Bu ilaçların uzun süreli kulanımında mide asit seviyesinin sürekli olarak düşük kalması sonucunda bakteri sayısında artış olur.

Mide fıtığının tedavisi öncelikle çeşitli ilaçlarla yapılmakta ve bu sayede mide asidinin yarattığı tahribat önlenmeye çalışılmaktadır. Uzun yıllar tedavi görmemiş hastalarda hücrelerde bazı değişikliklerin olması veya hastanın endoskopi veya röntgen ile belirlenmiş büyük bir fıtığın olması veya ilaç tedavisine cevap alınamaması gibi durumlarda, hastalara ameliyat önerilmektedir. Son yıllarda bu ameliyat laparoskopik yöntemle (halk arasında kansız ameliyat denilen ve bir teleskop ve çeşitli aletler yardımı ile hastanın karnını kesmeden fıtığı onarma işlemi) yapılmaktadır. Uygun teknikle yapılan cerrahi girişim sonrasında hastaların şikayetlerinin tama yakın oranda ortadan kalktığı görülmektedir.

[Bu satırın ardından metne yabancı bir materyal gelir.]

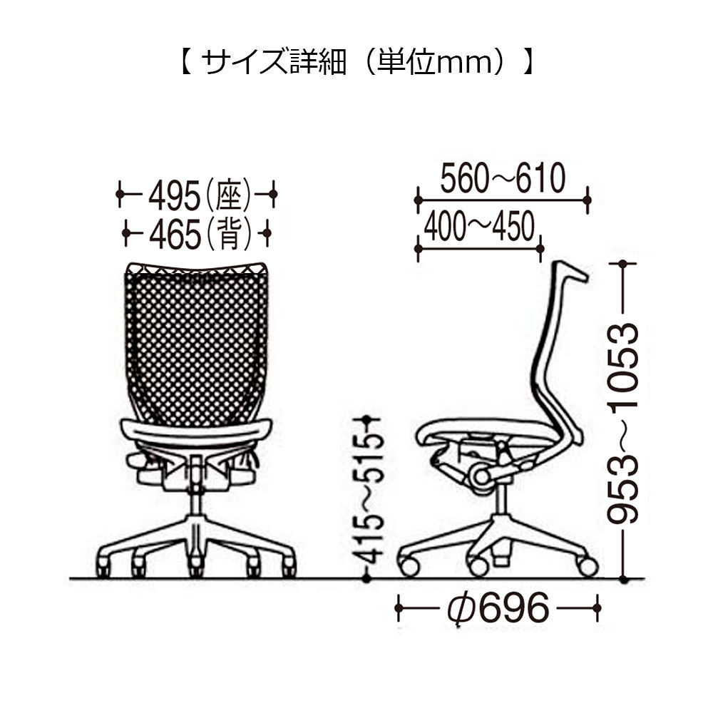 背のメッシュ部分の織りに濃淡をつけ、座り心地を向上させた「グラデーションサポートメッシュ」モデルです。しっかりサポートしたい腰まわりは密度を細かくし、背中の部分は密度を粗くしてソフトにフィットします。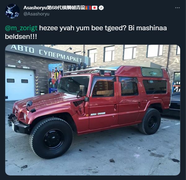 Тэрбээр ”Нэг иймэрхүү машинтай боллоо. Над шиг хөдөө гадаа их явдаг хүнд хэрэгтэй унаа мэт. Онгирч гайхуулж байгаа зүйл огт биш шүү. Сайн тэрэгтэй явахгүй бол Монгол шиг өргөн уудам нутагт хэцүүднэ” гэж сонирхуулсан байсан. ЭНэ машиныг эд мэддэг улс үнэ нь лавтайяа нэг тэрбум төгрөг хүрнэ гэж үнэлжээ.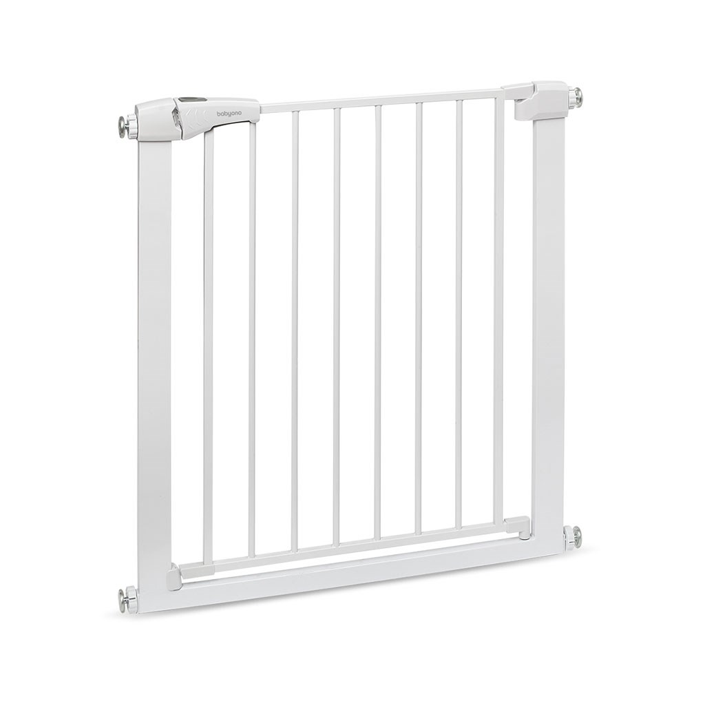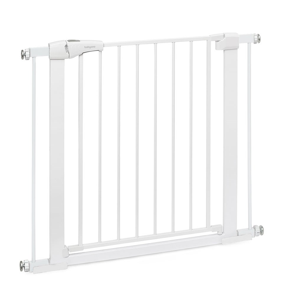 It can only be attached with struts, so it does not damage door frames or staircase elements, without the need for drilling. Thanks to silicone pads, it leaves no marks on the support points. Universal dimensions and an additional extension allow installation in aisles from 75 cm to 96 cm. The safety-enhancing double locking system allows the gate to be opened by an adult with one hand while effectively blocking access by a child. The product complies with EN 1930, please read the instructions before installation.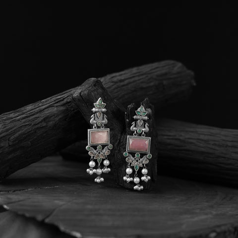 Saanjh Bela Pink & Green Seahorse Oxidised Earrings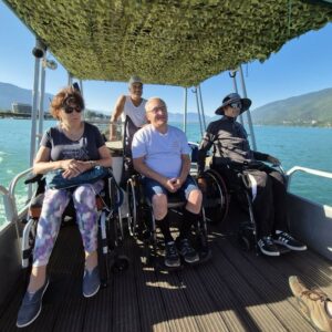 Le mardi 5 août 2025, trois personnes à mobilité réduite ont eu le plaisir de vivre une superbe sortie de pêche à bord de l’OSMOSE, notre bateau-ponton spécialement adapté.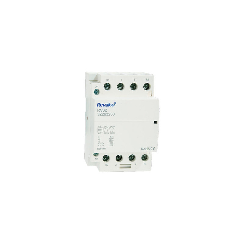 Emballage: 1Référence: RPC63A322Marque: REVALCORéférence fabricant: RV3232263230EAN: 8033032211778Description: CONTACTEUR DE PUISSANCE 63A 4P 3M 2NO+2NF BOBINE 230VAC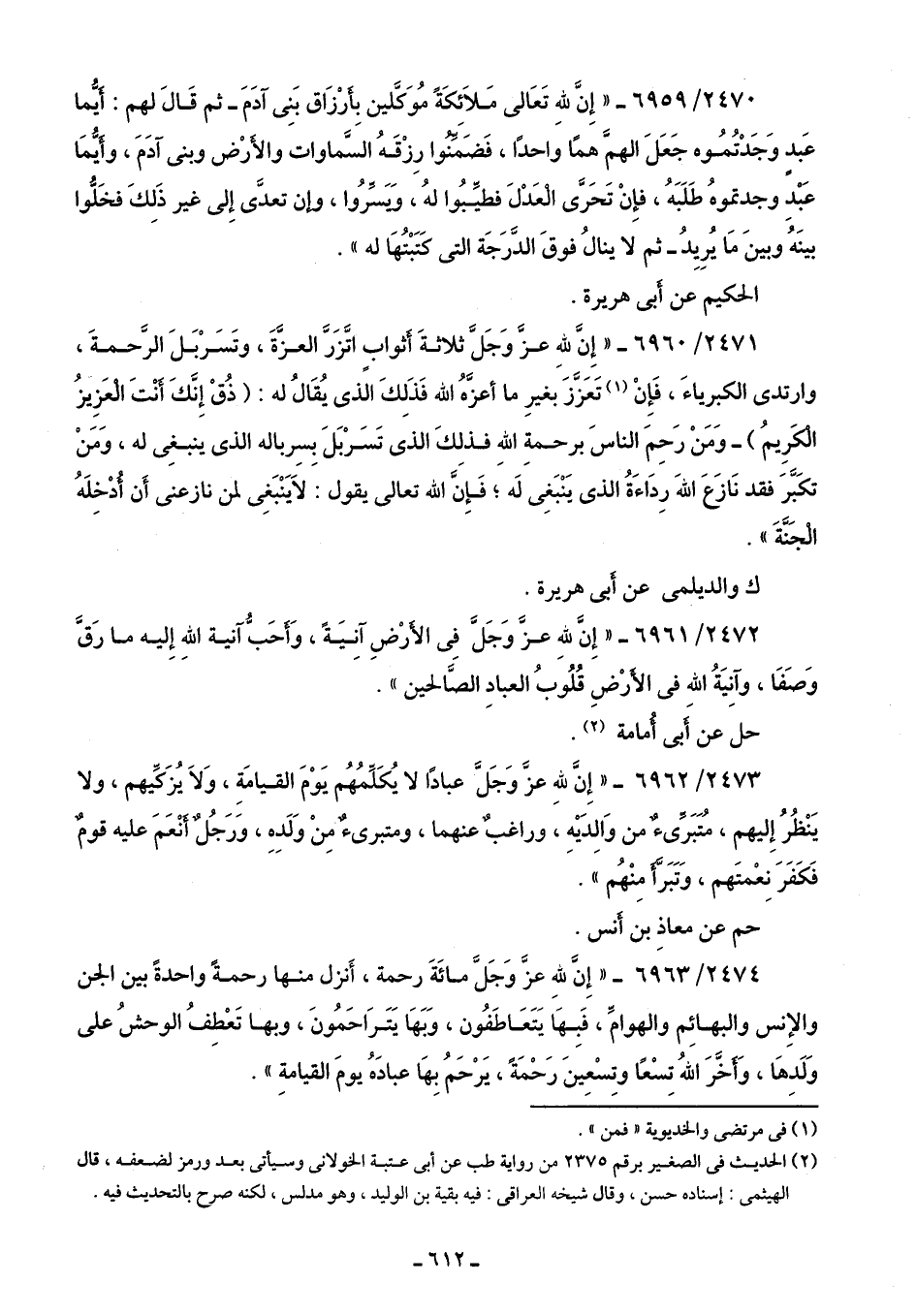 2474/ 6963 - "إِنَّ للَّهِ عَزَّ وَجَلَّ مائَةَ رحمة، أَنزل منها رحمةً واحدةً بين الجن والإِنس والبهائِم والهوامِّ، فَبِهَا يَتَعَاطَفُون، وَبَهَا يَتَرَاحَمُونَ، وبها تَعْطِفُ الوحشُ على وَلَدِهَا، وَأَخَّرَ اللَّهُ تِسْعًا وتِسْعِينَ رَحْمَةً، يَرْحَمُ بِهَا عبادَهُ يومَ القيامةِ".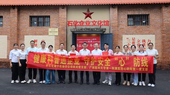 在第26个“世界心脏日”到来之际,9月29日下午,在支部书记、心胸外科主任阳诺带领下,我院心研所第一党支部与中石化南宁石油分公司业务部党支部签约共建,并开展“健康科普进企业,守护安全‘心’防线”主题党日活动,用专业医疗服务为群众筑起“心”防线。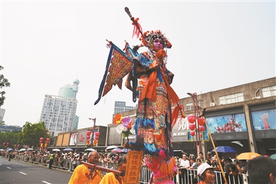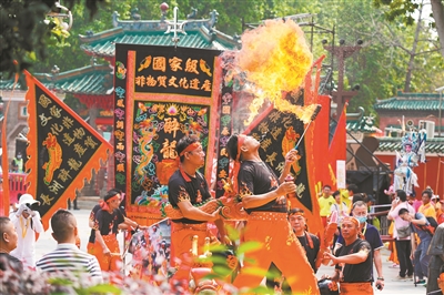 作为佛山祖庙庙会的重头戏,“北帝巡游”在昨日上午10时举行,今年的巡游路线是:祖庙双龙壁前-祖庙正门-祖庙路-人民路-福贤路-建新路-祖庙路-祖庙正门。巡游方阵多达11个,包括北帝仪仗、众仙贺神、中山醉龙、佛山十番、浮石飘色、佛山功夫、七彩伽师、洪拳名扬、岭南醒狮、吉庆满城等近千人参加巡游,其中包括8个国家级非遗项目。这是恢复“北帝诞”以来最完整、最强大的阵容,再现北帝出巡盛况。在祖庙正门外,福贤路与建新路转弯处、百花广场十字路口设置的三个定点表演区,今年首次配备专业讲解员,对各个方阵进行讲解。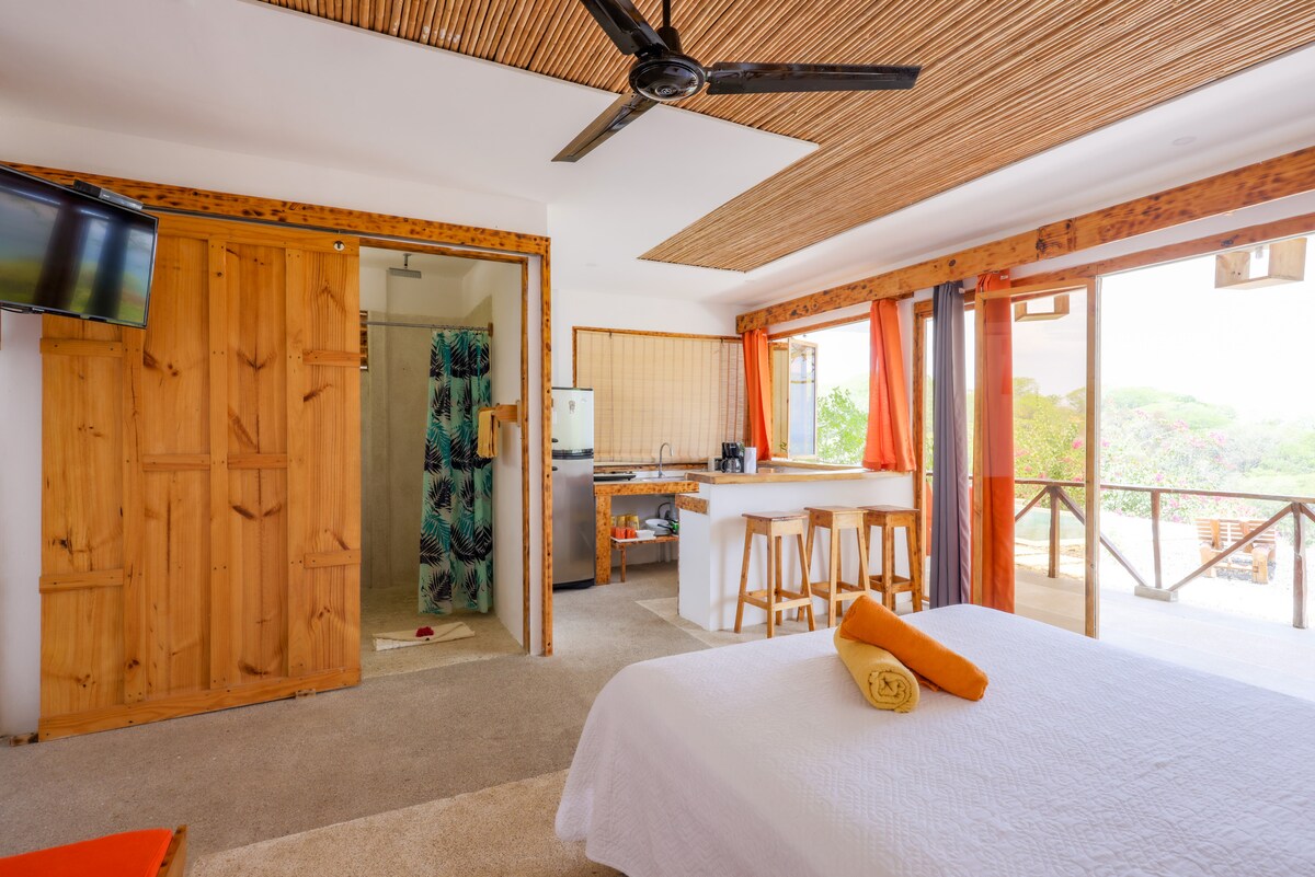 Casa Blue Rock Pirmo aukšto butas, pagamintas su meile, daugiausia dėmesio skiriant detalėms , su moderniu skoniu ir švariu, minimalistiniu, šviesos stiliumi. Erdvi svetainė su trimis čiužiniais, TV su kabeline internetu 10 megų su WI FI , virtuvė su 5 vietų stalu, privatus vonios kambarys su dušo skydeliu su masažo reikmenimis. Privatus miegamasis, kuriame iš grindų išeina garsioji mėlyna uola su karališko dydžio lova. A/C ir du didžiuliai langai su vaizdu į atogrąžų miškus
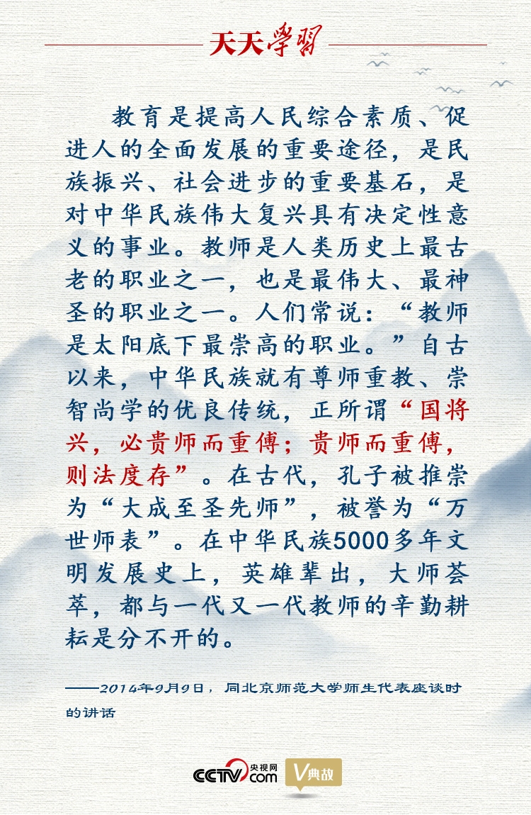 2014年9月9日,习近平总书记到北京师范大学考察,与学校师生代表亲切座谈时指出,教师重要,就在于教师的工作是塑造灵魂、塑造生命、塑造人的工作。一个人遇到好老师是人生的幸运,一个学校拥有好老师是学校的光荣,一个民族源源不断涌现出一批又一批好老师则是民族的希望。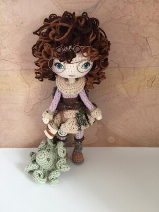 Pattern is available in English US terminology. instant digital download after payment. Size: The doll is 8 inches tall. Depending on hook/yarn used. Skill level is Intermediate/ Advanced Beginner Basic skills of crochet are needed.*Crochet wrong side out.*She is made from feet up (no sewing) Detailed Pattern with photos and links.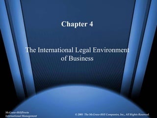 The document discusses the international legal environment for business. It covers three levels of law: international law, regional laws like those of the EU and NAFTA, and national laws of individual countries. International law comes from treaties between nations and customs. The document outlines implications of laws on intellectual property rights and anti-bribery legislation like the Foreign Corrupt Practices Act. It provides examples of differences in national laws regarding issues like vacations and legal systems.
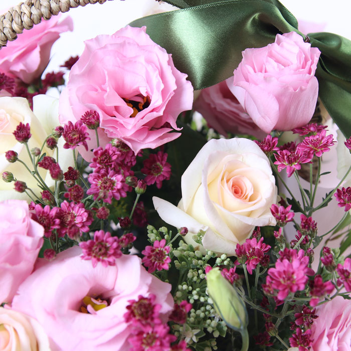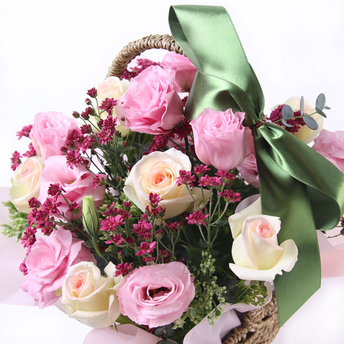 연노랑장미, 핑크리시안셔스,소국,불로초, 고급바구니와 세련된 디자인 전문 플로리스트 상품제작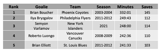 In the 2003-2004 season, Brian Boucher of the Phoenix Coyotes had a stretch of 332:01 without allowing a goal. That is five whole games and then some without allowing a single goal. While there have been a small handful of goalies since then to reach the 230-250 minute mark without allowing a goal, resulting in anywhere from two to four shutouts in a row, reaching the five consecutive shutout mark, and eclipsing 330 minutes without allowing a goal, seems extremely unlikely to happen again. Part of why this likely won't happen again is due to scoring being higher than it was back in the 03-04 season when Boucher achieved this feat, while the other is simply due to the fact that it is such a difficult milestone to achieve.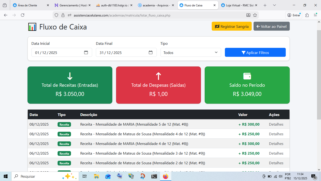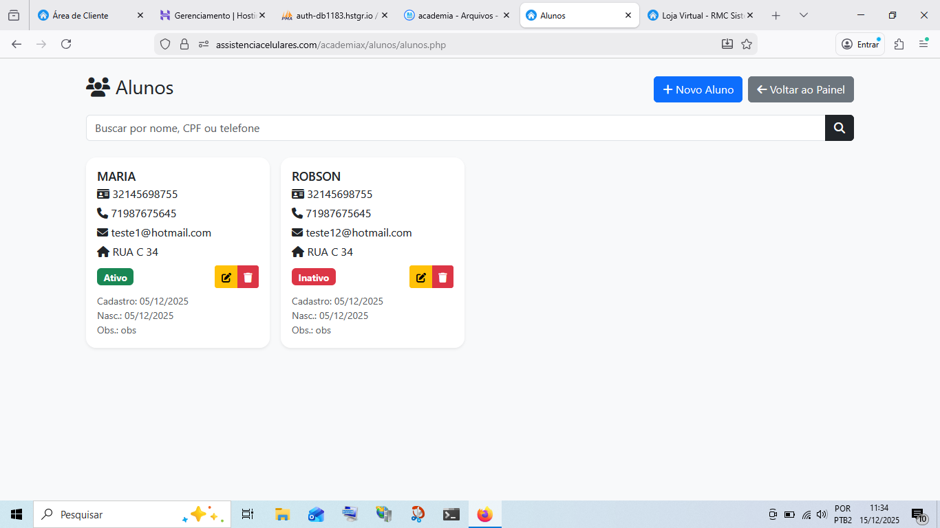 sistema gerenciar academia Cod 0020

Gastroözofageal reflü hastalığı toplumda % 30-40 oranında görülmesine rağmen, bu hastaların ancak % 30'u ömür boyu ilaç içmek zorunda kalır. Sürekli ilaç kullanmanın yan etkileri ve maliyet problemleri düşünüldüğünde, bu hasta grubunda kalıcı tedavi sağlayan laparoskopik reflü cerrahisi tek alternatif olarak kabul görmektedir. Günümüzde laparoskopik ve robotik cerrahi ile başarı oranı % 90'ın üzerindedir.